In a new report, “Lessons from the Leading Edge,” COTE takes a look at what this historical group of winners has in common and uses the data to give a rough picture of performance.

How high do the high achievers go?

Across every measure, Top Ten projects certainly exceed industry standards.

For example, the report found that Top Ten projects predicted 54% reduced energy on average from a baseline. Furthermore, the winners appear to be getting more successful, as average modeled energy reductions, which hovered around 35%–40% in the first decade, jumped to 65% in the latter decade.

That trajectory of progress should probably be taken with a grain of salt, however, for several reasons. First, only about half of the winners actually submitted a percentage for energy reduction; and second, the benchmarks themselves have changed. Projects pre-2010 used ASHRAE 90.1 as a baseline and based energy reductions on cost savings. The benchmark switched in 2010 to be consistent with Energy Star Portfolio Manager and the 2030 Challenge, both of which use the 2003 national average determined by the Commercial Buildings Energy Consumption Survey, or CBECS. On a recent Top Ten submission, the difference between the two baselines was ten percentage points.

And although the projects landed well above average, as a group, Top Ten winners barely top AIA 2030 thresholds. That average 54% energy reduction is just four points above the maximum energy points rewarded in LEED (see Progress on 2030 Goals, Ten Years Later). Judging by the 2030 energy targets, Top Ten projects did better than their reporting peers but could be described as on track, considering the program’s goals.  In 2014, the average modeled reduction was 67% for Top Ten winners, when the 2030 target was 60%. However, that’s still well above the industry average, and it is also well above the 36.9% average for all projects reporting to 2030.

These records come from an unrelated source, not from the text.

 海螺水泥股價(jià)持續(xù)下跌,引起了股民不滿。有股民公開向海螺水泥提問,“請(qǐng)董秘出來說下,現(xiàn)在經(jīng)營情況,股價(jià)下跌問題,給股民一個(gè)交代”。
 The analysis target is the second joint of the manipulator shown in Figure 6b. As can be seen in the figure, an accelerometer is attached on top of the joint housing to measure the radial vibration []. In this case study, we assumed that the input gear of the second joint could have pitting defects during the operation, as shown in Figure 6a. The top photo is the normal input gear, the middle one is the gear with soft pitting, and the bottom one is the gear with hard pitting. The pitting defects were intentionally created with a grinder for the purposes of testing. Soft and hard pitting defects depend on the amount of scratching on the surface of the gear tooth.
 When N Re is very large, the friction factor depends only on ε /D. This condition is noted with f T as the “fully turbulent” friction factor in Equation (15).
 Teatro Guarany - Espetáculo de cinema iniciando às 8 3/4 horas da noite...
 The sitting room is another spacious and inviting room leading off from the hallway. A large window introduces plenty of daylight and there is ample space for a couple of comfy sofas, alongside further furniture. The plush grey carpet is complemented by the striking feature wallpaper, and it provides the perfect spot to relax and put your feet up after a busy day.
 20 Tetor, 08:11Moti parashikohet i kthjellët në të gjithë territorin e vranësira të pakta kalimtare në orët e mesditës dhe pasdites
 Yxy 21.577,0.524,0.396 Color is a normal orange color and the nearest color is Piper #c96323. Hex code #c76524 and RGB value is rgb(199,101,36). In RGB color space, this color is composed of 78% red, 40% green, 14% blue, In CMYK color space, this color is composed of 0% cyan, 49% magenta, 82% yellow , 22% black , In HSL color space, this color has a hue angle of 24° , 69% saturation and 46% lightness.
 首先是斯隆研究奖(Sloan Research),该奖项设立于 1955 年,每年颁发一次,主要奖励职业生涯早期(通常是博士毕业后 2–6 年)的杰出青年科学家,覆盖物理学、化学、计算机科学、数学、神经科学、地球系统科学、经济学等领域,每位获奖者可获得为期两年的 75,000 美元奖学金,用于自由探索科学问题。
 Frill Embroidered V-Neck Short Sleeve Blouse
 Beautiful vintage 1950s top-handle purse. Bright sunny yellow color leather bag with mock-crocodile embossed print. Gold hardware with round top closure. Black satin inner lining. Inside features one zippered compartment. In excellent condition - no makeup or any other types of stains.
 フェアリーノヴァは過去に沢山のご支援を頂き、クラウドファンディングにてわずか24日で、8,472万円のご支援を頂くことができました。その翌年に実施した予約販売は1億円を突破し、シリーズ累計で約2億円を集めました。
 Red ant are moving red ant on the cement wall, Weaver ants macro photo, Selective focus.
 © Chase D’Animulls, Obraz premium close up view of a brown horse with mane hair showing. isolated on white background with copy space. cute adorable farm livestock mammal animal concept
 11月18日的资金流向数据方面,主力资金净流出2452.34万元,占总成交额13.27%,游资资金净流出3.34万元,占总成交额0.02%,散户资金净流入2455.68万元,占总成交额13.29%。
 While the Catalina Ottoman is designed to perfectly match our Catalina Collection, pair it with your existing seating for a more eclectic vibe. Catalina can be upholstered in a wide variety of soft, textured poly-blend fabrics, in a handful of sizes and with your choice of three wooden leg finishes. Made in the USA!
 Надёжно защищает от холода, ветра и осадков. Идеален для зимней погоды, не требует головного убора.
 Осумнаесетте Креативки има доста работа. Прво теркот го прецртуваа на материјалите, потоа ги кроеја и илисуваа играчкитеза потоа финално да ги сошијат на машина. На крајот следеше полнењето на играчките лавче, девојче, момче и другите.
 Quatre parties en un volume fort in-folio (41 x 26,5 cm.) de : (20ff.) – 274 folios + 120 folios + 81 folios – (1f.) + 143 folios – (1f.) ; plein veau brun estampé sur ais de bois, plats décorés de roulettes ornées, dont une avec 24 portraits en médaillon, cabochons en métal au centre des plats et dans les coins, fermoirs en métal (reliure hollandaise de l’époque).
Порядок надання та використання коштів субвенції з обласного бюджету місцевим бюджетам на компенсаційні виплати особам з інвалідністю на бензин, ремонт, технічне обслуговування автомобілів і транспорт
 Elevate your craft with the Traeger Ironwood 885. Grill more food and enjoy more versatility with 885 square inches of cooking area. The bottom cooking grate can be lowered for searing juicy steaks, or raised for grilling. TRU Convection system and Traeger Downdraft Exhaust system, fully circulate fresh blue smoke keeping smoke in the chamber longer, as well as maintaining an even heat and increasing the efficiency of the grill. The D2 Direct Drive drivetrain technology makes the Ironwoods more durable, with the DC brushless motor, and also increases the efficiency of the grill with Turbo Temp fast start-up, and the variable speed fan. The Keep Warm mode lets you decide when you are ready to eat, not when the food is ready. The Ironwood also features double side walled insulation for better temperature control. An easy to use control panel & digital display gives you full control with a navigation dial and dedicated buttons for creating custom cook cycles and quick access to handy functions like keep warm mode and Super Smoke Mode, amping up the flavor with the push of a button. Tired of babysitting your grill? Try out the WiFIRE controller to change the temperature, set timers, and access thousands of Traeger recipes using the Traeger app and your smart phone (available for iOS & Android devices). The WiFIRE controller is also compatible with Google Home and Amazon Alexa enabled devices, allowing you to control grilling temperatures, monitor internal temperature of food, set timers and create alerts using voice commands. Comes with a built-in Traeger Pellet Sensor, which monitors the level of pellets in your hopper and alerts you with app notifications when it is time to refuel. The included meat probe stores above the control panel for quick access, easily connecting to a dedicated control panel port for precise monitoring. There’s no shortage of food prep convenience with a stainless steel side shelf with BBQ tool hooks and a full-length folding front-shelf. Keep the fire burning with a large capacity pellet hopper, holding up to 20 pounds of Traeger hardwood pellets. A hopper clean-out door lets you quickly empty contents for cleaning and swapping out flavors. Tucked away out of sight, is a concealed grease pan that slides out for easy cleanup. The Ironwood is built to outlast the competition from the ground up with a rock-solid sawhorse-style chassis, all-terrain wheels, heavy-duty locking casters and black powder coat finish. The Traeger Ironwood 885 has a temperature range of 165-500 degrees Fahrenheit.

Looking at materials, Top Ten projects did go above and beyond LEED thresholds. Locally sourced materials accounted for 36% on average (LEED’s threshold is 20%), and 82% of construction waste was diverted from landfills, compared to LEED’s 50%–75%.

Potable water reductions come in at about 52% below a baseline standard and have trended upward by 10% since 1997.

The traits of the winners

Is there a recipe for success? Not exactly, but a project’s type and location might help your odds. Of the 189 Top Ten winners, 41 are located in California—nearly triple the number in any other state. No projects have yet won in Mississippi, Alabama, South Carolina, or the whole region of the Upper Great Plains (Idaho, Montana, Wyoming, Nebraska, and the Dakotas). Only five winners are located outside North America.

Early on, office buildings were the most popular building type, according to the report, representing 30%–40% of all winners, but diversity in type has expanded, with more winners in residential and public projects in particular. Additionally, 75% of all Top Ten winners are new buildings, though projects utilizing adaptive reuse have increased in recent years (see 2014 AIA Top Ten Green Winners Highlight Adaptive Reuse). “This trend could signal wider adoption of green building across various markets,” says the report.

It is worthy of note that Top Ten winners generally remain relatively small: 70% are under 100,000 ft², and roughly half are under 50,000 ft². That’s not to say that small firms have a leg up: two-thirds of Top Ten winners are from large firms. That’s not representative of the AIA membership, where 97% of members are sole practitioners or have fewer than 50 employees. “Larger firms may have more success with Top Ten Awards because they have more work and therefore more opportunity for success,” according to the report.

Room for progress

In terms of performance, the report also points out areas for improvement. In 2009, a COTE-sponsored study of 28 Top Ten winners found that, in about a third of the projects, actual energy use differed substantially from what had been predicted. Going forward, actual energy performance information will be requested in the submission forms for all Top Ten entries, starting with the applicants for the 2016 awards.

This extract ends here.